# touchpad external hard drive or camera



## timmyk12 (Mar 10, 2012)

Hey i've been doing some reasearch, and i'd love to take my external HD and touchpad on deployment with me, and I just had a question or two.

I've seen all the threads and done all the research about people using usb devices with the touchpad, but i've never seen a for sure yes or no. So I am just wondering if you guys could give me that. (a yes or no that is)

using:
micro USB to female usb (USB OTG) adapter
the usb Y cable
the externally powered usb hub

would it be possible to connect to a 2TB external HD (it has an external power source so i'd plug it into the wall, and the hub) and transfer movies/files around?

Another question, is would this USB option enable a USB webcam to work?

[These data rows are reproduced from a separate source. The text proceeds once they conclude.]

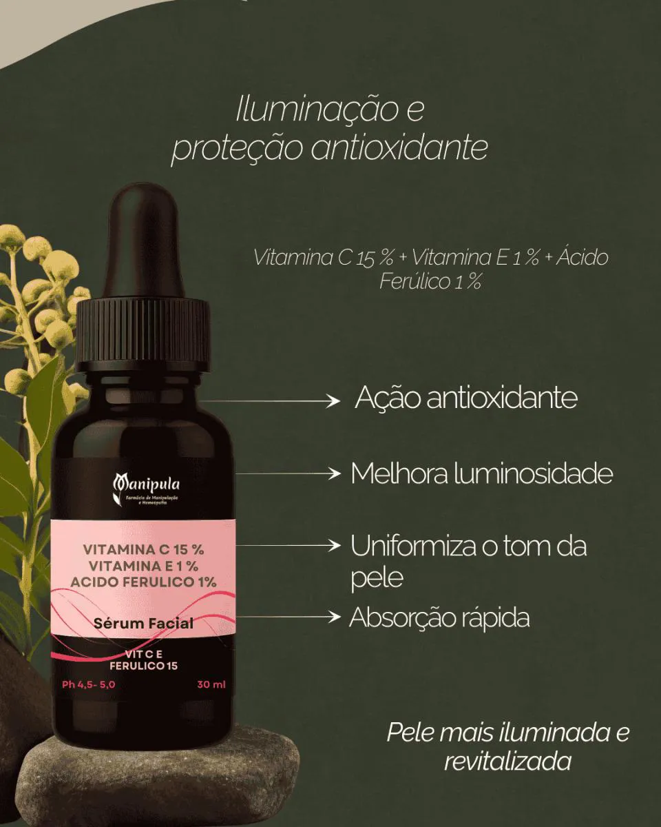 O Vit C E FERULICO 15 SkinLab Manipula é um sérum facial antioxidante desenvolvido para ajudar a proteger a pele contra os danos causados pelos radicais livres e melhorar a luminosidade da pele. Sua fórmula combina vitamina C, vitamina e e ácido ferúlico, ativos conhecidos por sua potente ação antioxidante e amplamente utilizados em dermocosméticos para contribuir com uma pele mais uniforme, iluminada e com aparência saudável. A vitamina c auxilia na proteção contra agressões externas e contribui para melhorar a aparência da pele opaca. Com textura leve e rápida absorção, o Vit C E FERULICO 15 pode ser incorporado facilmente à rotina diária de skincare. Propriedades: • ação antioxidante
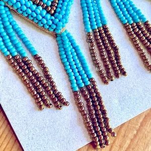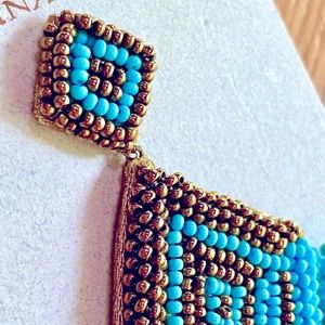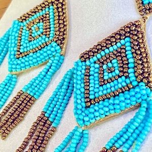 Gorgeous turquoise & bronze beaded diamond-shaped chandeliers with long beaded fringe, by jewelry designer Deepa Gurnani whose work is often featured by Anthropologie. A knockout style with a peasant top vibe, elegant, lightweight & guaranteed to bring raves. Designed by Deepa & handmade according to her specifications by jewelry artisans in India, with delicate glass beads, vegan leather backing & post backs. Approx. 4 1/2” long, 1 3/4” wide. NWT 🌷
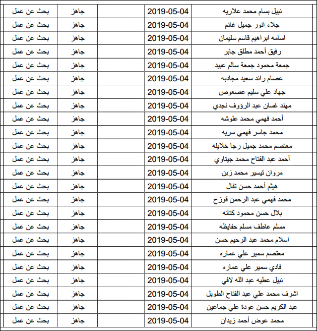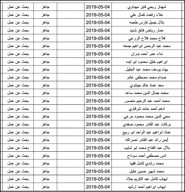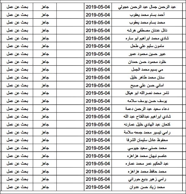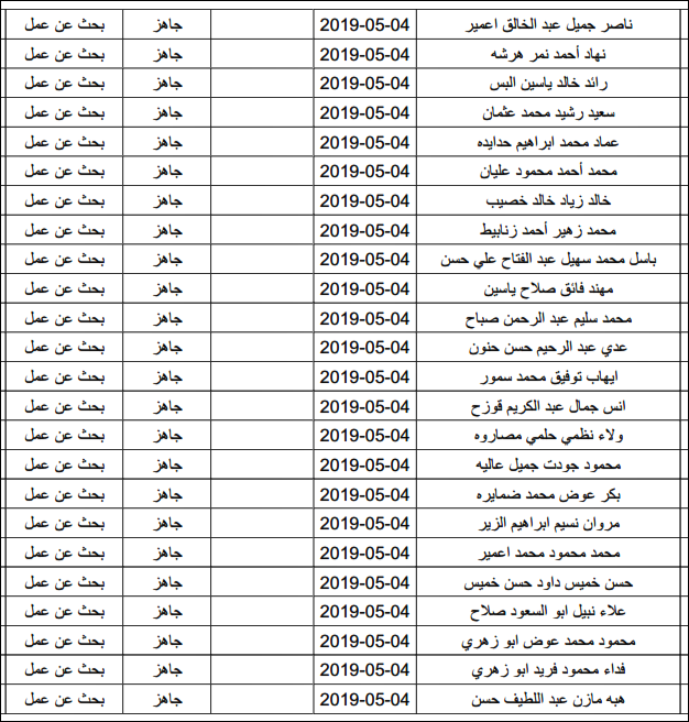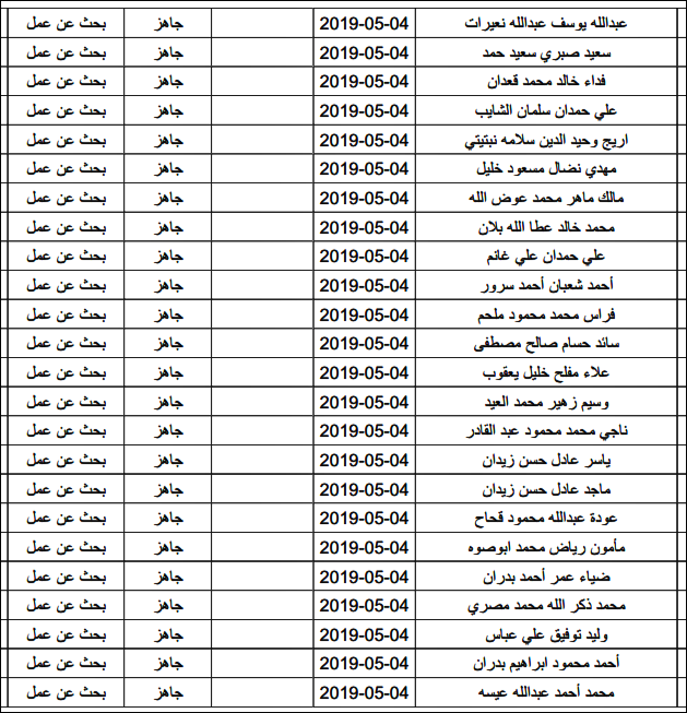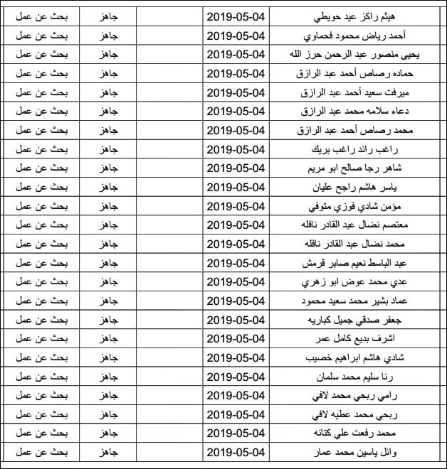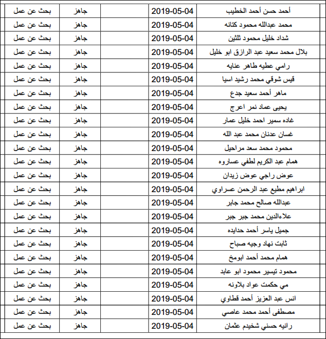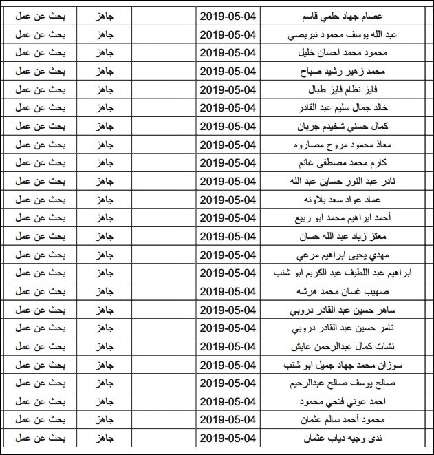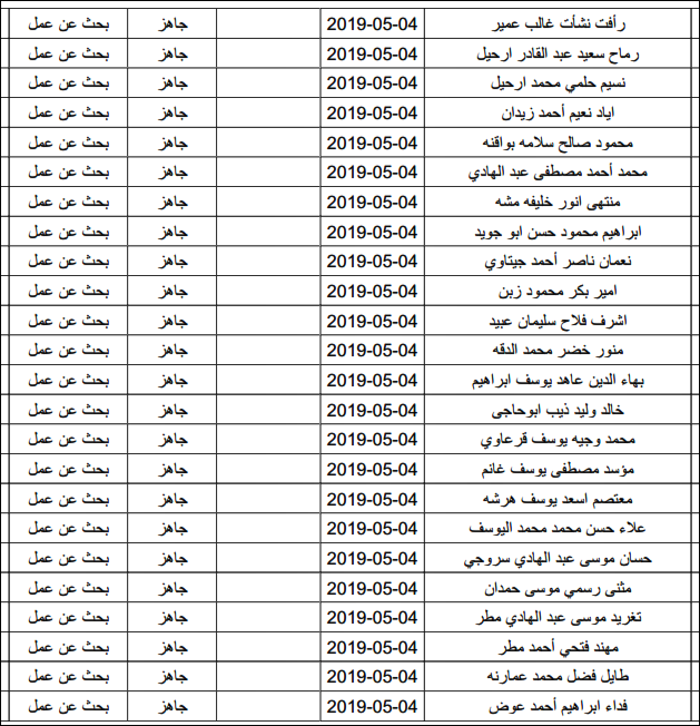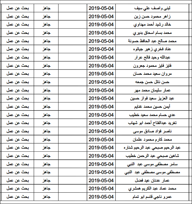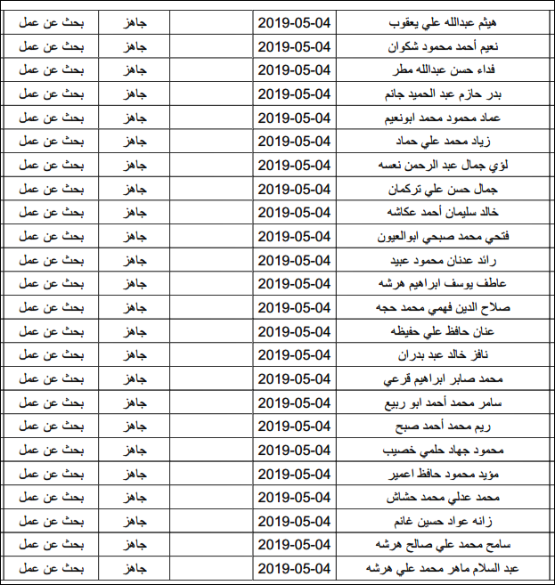 لقد تم استلام تصاريح البحث عن عمل، الأحد 12.05.2019، والتي يبدأ سريان مفعولها من 12.05.2019، حتى 16.05.2019، وسيتم البدء في تسليمها مباشرة من هذه اللحظة.

If somebody had any definate answerd i'd be really grateful. i'm sorry for my lack of knowledge, this whole customization of tablets, phones etc is new to me.

Thanks,
-Timmyk12


----------



## bryantjopplin (Oct 4, 2011)

Yes theoretically its will I have never used a 2 tb hdd before so I can't say yes. But 8gb thumb drives work well. You using stock touch pad or Android flavored?

Tapped from my fingers on my Nexus


----------



## timmyk12 (Mar 10, 2012)

Dual booting CM9 A2 and WebOS actually.

So I appreciate the info on the hd, I'm gonna take the plunge and get the stuff today to test it out.

Any idea on the USB webcam?


----------



## bryantjopplin (Oct 4, 2011)

I'm going to say no. Those drivers are most likely not generic like the ones of a fat32 of ntfs drive

Tapped from my fingers on my Nexus


----------



## thesparky007 (Sep 29, 2011)

i remember seeing someone saying that it was possible if the hdd or whatever peripheral is powered on its own


----------



## bryantjopplin (Oct 4, 2011)

Well like and hardware connected to software it needs drivers and sometimes it needs specific drivers. Like hdd they are all basically the same as how they are read. Webcam isn't so generic ie why they can't get it properly working on cm9

Tapped from my fingers on my Nexus


----------



## timmyk12 (Mar 10, 2012)

ah, that makes sense. I appreicate the input! It was just a thought. At least he hard drive should work, i'm trying to find the stuff to get it to work, and have it shipped to my house super quick.

Does the Y cable have to have 1 end male and the other end female? or do they both have to be male?

Thanks,
-Tim


----------